*SUPPLIED INFORMATION:*
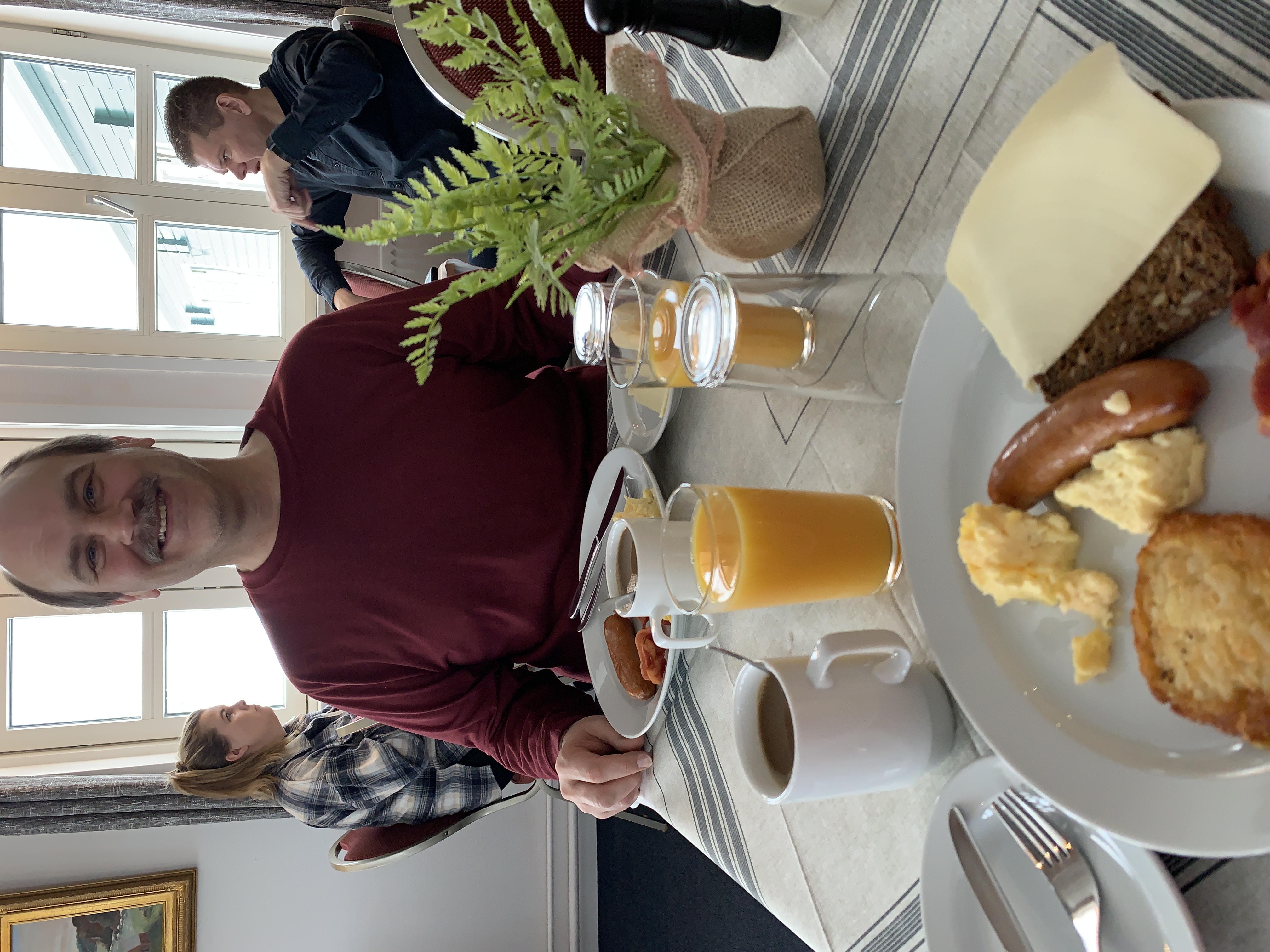 Breakfast at Kulusuk Hote: scrambled eggs, sausage, orange juice, coffee, hash browns, bacon, bread, and cheese
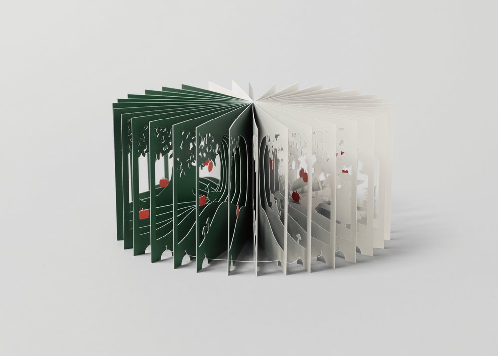 除了《Mount Fuji富士山》之外,建築師大野友資也以經典童話《白雪公主》為主題做了立體書《白雪姬》,場景是一棵大樹,故事就籠罩在繁茂的枝葉下。
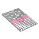 Características monogrammed modernas e na moda cinzas do caderno espiral das listras da viga e listras da viga do branco e teste padrão floral com uma beira costurada do acento fita cor-de-rosa com um quadro cor-de-rosa redondo do acento esboçado em preto e branco para seus inicial e nome. Mostre sua personalidade com este caderno espiral do divertimento e da listra na moda da viga. Aperfeiçoe para um jornal, tomando notas, trabalho, escola e casa. Faz um grande presente para todas as ocasiões. Clique "personalizam-no!" abotoe para mudar o tamanho do texto, a cor de texto, o estilo de pia batismal e o mais! Note por favor: a beira horizontal do quadro do ponto da fita do acento cor-de-rosa é rosa contínuo com uma aparência do ponto da fita.
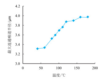 将毛管力曲线的中间段延长至含水100%,可计算得到气相开始进入岩芯的阀压,并进而获得岩芯的最大连通孔喉半径。经不同温度热水作用后的岩芯最大连通孔喉半径如图 4所示。由该图可知,随热水温度升高,岩芯的最大连通孔喉半径不断增大:当温度从40 ℃增大到180 ℃时,最大连通孔喉半径从3.31 µm增加到3.97 µm;同时,在60~120 ℃,最大连通孔喉半径的增大趋势最为明显,平均每升温10 ℃,最大连通孔喉半径增大2.7%。这一结果再次证明,热水驱温度的提高有利于微观孔隙结构的改善。

*TASK OBJECTIVE:*
Repeat, line for line and exactly, the material from its first line through the line that contains "除了《Mount Fuji富", both ends included; no pictures belong in the copy.

*RESPONSE BELOW:*
 Breakfast at Kulusuk Hote: scrambled eggs, sausage, orange juice, coffee, hash browns, bacon, bread, and cheese
 除了《Mount Fuji富士山》之外,建築師大野友資也以經典童話《白雪公主》為主題做了立體書《白雪姬》,場景是一棵大樹,故事就籠罩在繁茂的枝葉下。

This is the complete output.